From what I see in a lot of Web postings here and elsewhere, some people seem to hold firm opinions about which stereo miking techniques are their favorite--apart from the context of any particular recording situation. Like, in my previous message I said something positive about "Blumlein" stereo recording, and I know for a fact that there are people who would consider themselves charter members of "team Blumlein" if there were such a thing. That's kind of absurd in an almost dadaistic way--like holding up one end of a clothesline and expecting the other end to hold itself up so that you can dry your clothes on it. There's no such thing as a stereo recording method that's best in all circumstances; there can't ever be such a thing. Championing one method above all others only shows that a person doesn't get it (yet).
What Williams' work taught me was that every stereo microphone setup has a particular range (side to side) that it covers properly--he calls this the "stereophonic recording angle" of the setup. For setups with different microphone patterns, angles and distances between the mikes, this angle is different, and his charts and graphs let you figure out what that angle of any practical setup is.
The point is then that, if you're going to use a particular microphone arrangement, you need to match the "stereophonic recording angle" of that setup to the angular width of the direct sound sources in the recording venue. You can do that by choosing a miking distance that places the furthest left and right direct sound sources just within the coverage angle.
Now, in a way that's at least partly ass-backwards; in real life you mostly don't simply choose a miking distance just because there's a certain miking method that you want to use. But neither is it the other way around, exactly. If you're being realistic, you consider both things at the same time: You choose a miking method that will work with a miking distance that will work with that miking method (loop until ready), given the width of the sound sources and what the room sounds like if you mike at various distances. You have to multitask a little, in other words, and consider these factors at the same time--not "first A, then B."
A prior commitment to one miking setup just gets in the way of this process. Again using Blumlein as an example--in some respects it really is shockingly close to an ideal stereophonic miking system. Its Achilles' heel, however, is its narrow stereophonic recording angle (only +/- 45 degrees). For widely spread-out sound sources, you end up having to back your microphones pretty far away to fit that narrow angle. And that can be fatal with bidirectional microphones, since by definition they're exactly as sensitive in the back as they are in front; they tend to "want" relatively close placement so that they don't get swamped with room sound.
So if you consider this miking technique out of context, you will see only its wonderfulness while in real-life recording, there aren't many situations in which its great virtues can actually be used to maximum effect. When it works well, it's unbeatable as far as localization is concerned, and potentially very good in other respects (except for the relative lack of a sense of envelopment or spaciousness, which requires decorrelated left and right channels especially at low frequencies--never a strong point with any coincident recording method, unfortunately). But examples of its actually working well are fewer than you might expect.

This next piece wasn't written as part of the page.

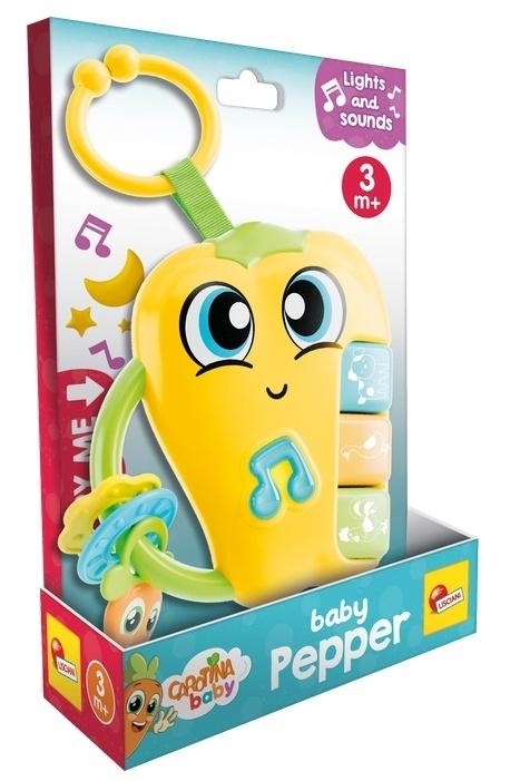 Najnowsza propozycja z linii Carotina Baby to Carotina i jej dwójka przyjaciół Papriko i Van Żan w formie elektronicznych zabawek! Zabawki posiadają możliwość odtwarzania uroczych melodyjek i efektów świetlnych po naciśnięciu na odpowiedni przycisk. Każde z warzyw posiada również miękkie zawieszki.

Do you see what I mean? Williams' idea tends to debunk any one miking method or microphone type as an ideal unto itself; it puts microphone patterns and stereo miking setups into a practical context, and makes the engineer responsible for using them appropriately so that the eventual playback system can do the right things, more or less, relative to the original recording situation. And oddly, that's a bigger picture than a lot of people seem to want to take in.